Reaction of Fluorescein-Isothiocyanate with Proteins and Amino Acids
I. Covalent and Non-Covalent Binding of Fluorescein-Isothiocyanate and Fluorescein to Proteins
1969 Volume 65 Issue 5 Pages 777-783
Details
1969 Volume 65 Issue 5 Pages 777-783
1. The reaction of fluorescein-isothiocyanate (FITC) with proteins was studied under various conditions.
2. It was found that the α-amino groups of the N-terminal amino acids were the prime target of the reaction (at pH<9.5) of FITC with neocarzinostatin and insulin although the ε-amino groups became reactive at higher pH.
3. Egg white lysozyme [EC 3. 2. 1. 17] and bovine serum albumin were found to bind with FITC even at low pH, while ovomucoid and neocarzinostatin did not bind below pH 7.
4. Trifluoroacetic acid treatment of fluorescein-thiocarbamylated insulin (FTC-insulin) resulted in the release of terminal FTH-amino acids (Phe and Gly) only. These FTH-amino acids were identified for the first time.
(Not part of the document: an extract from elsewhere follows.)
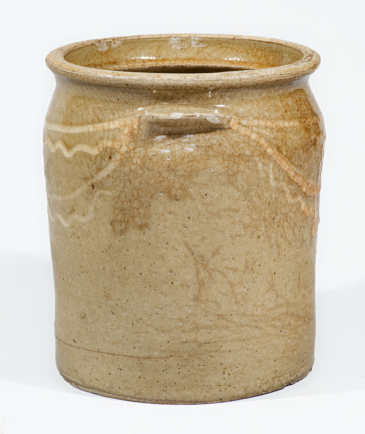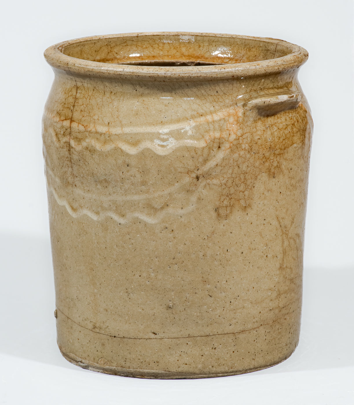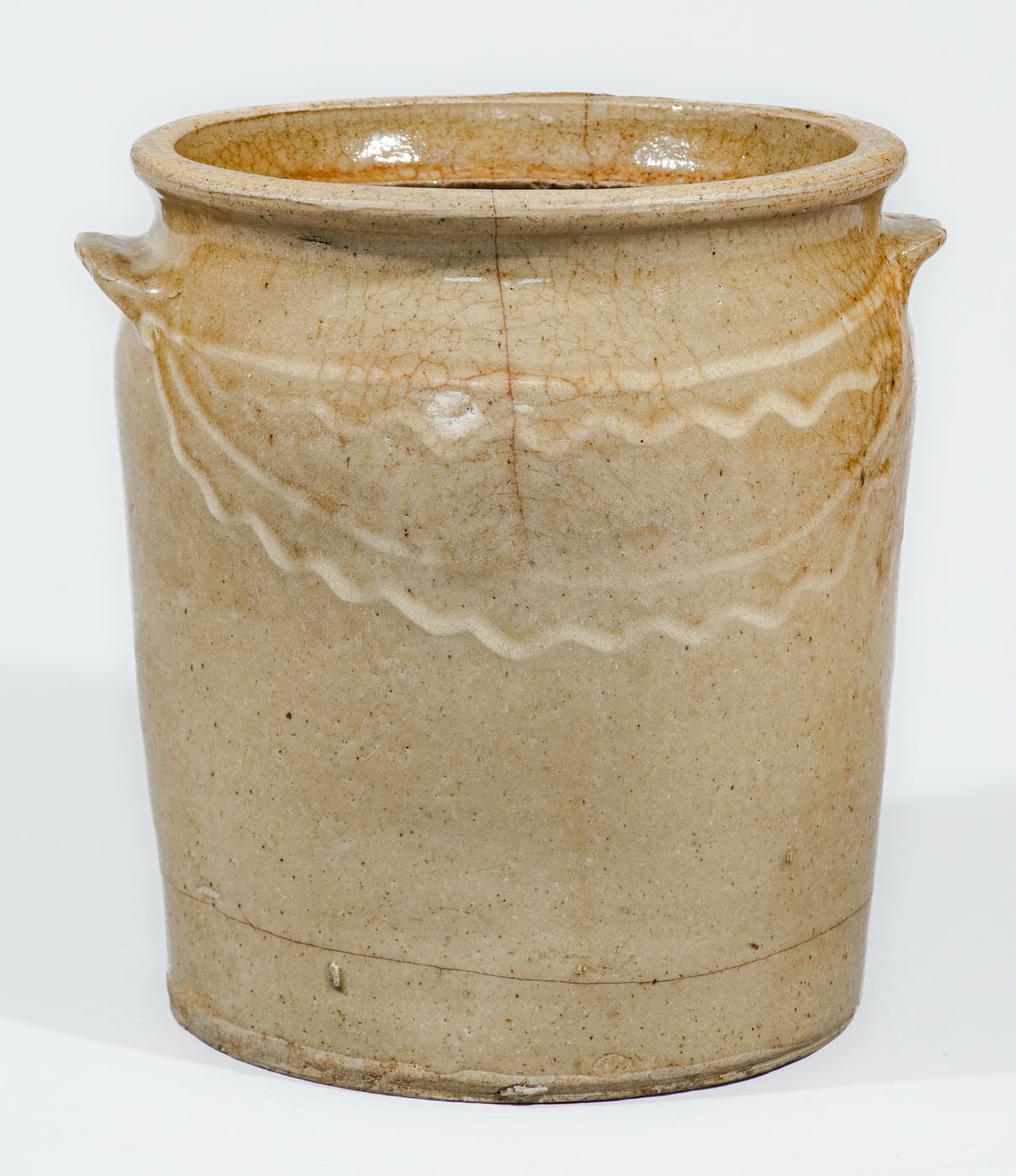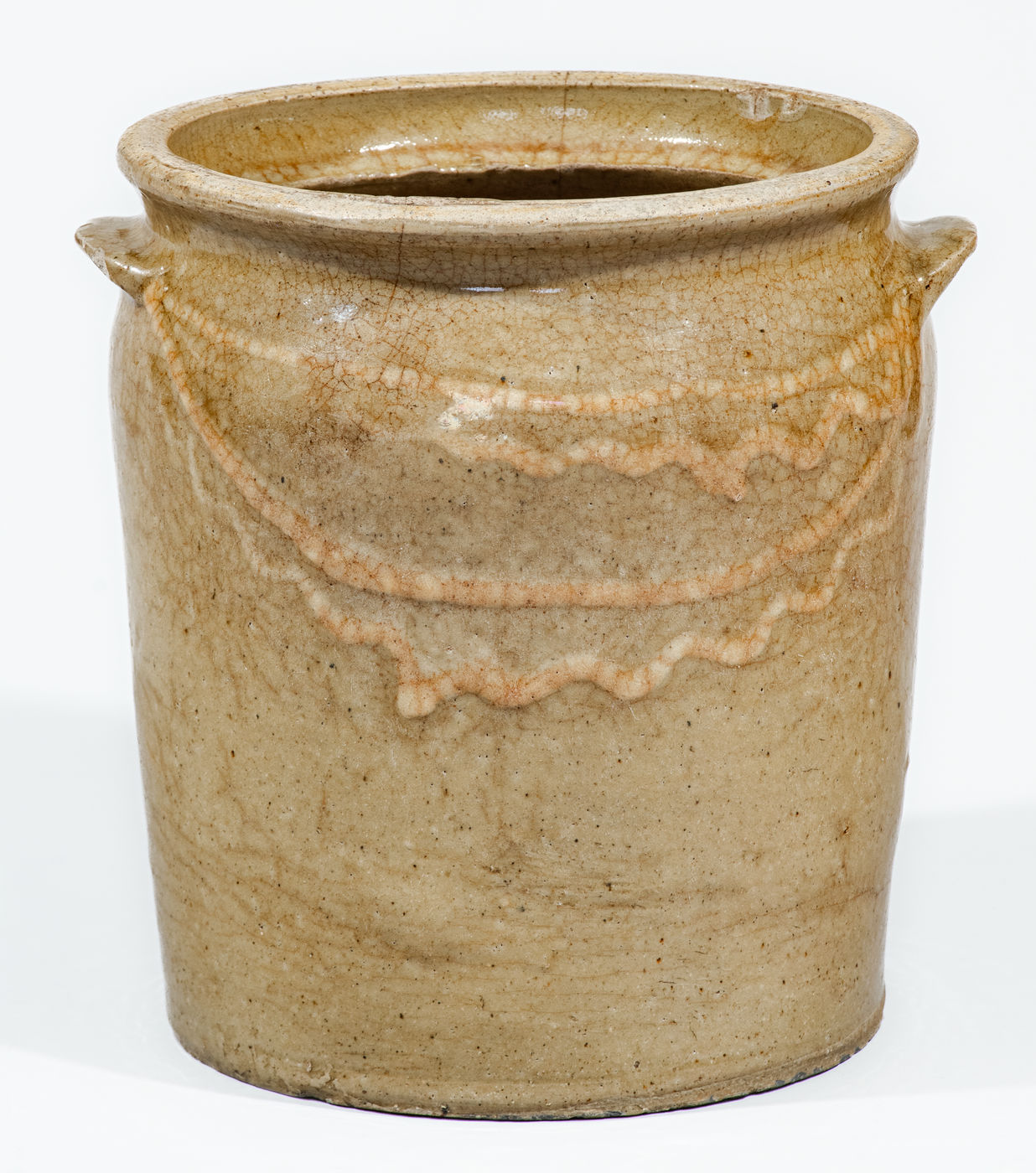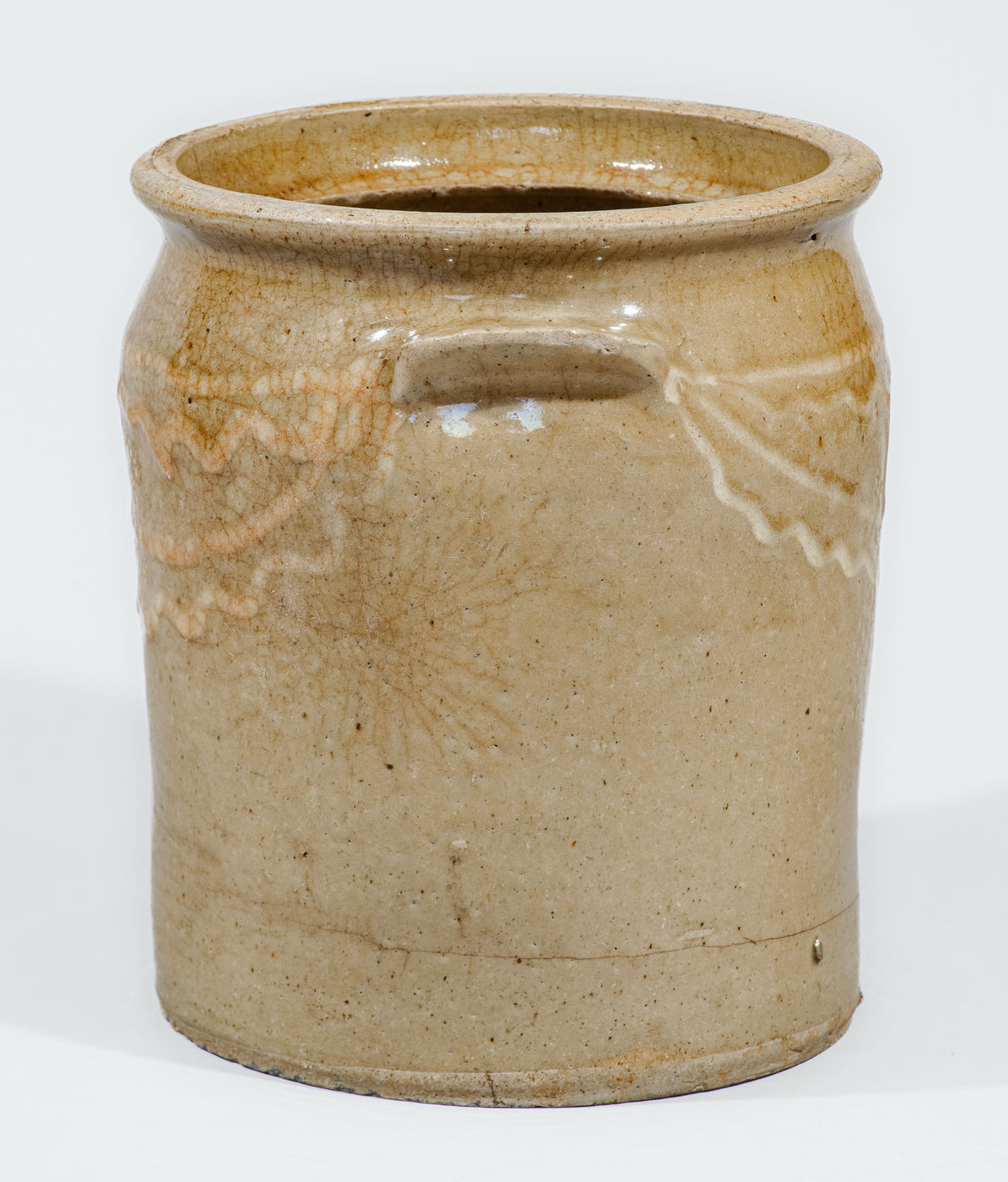 ×Rare Edgefield District, SC Stoneware Jar w/ Kaolin Slip Decoration, mid 19th century

5. Non-covalent binding of this fluorochrome to proteins was studied with fluoro-scein. The results indicated non-covalent dye-binding of the fluorescein with albumin and Iysozyme [EC 3. 2. 1. 17].
6. Above results showed that FITC is a useful reagent but that non-covalent dye-binding should be born in mind when used with some proteins.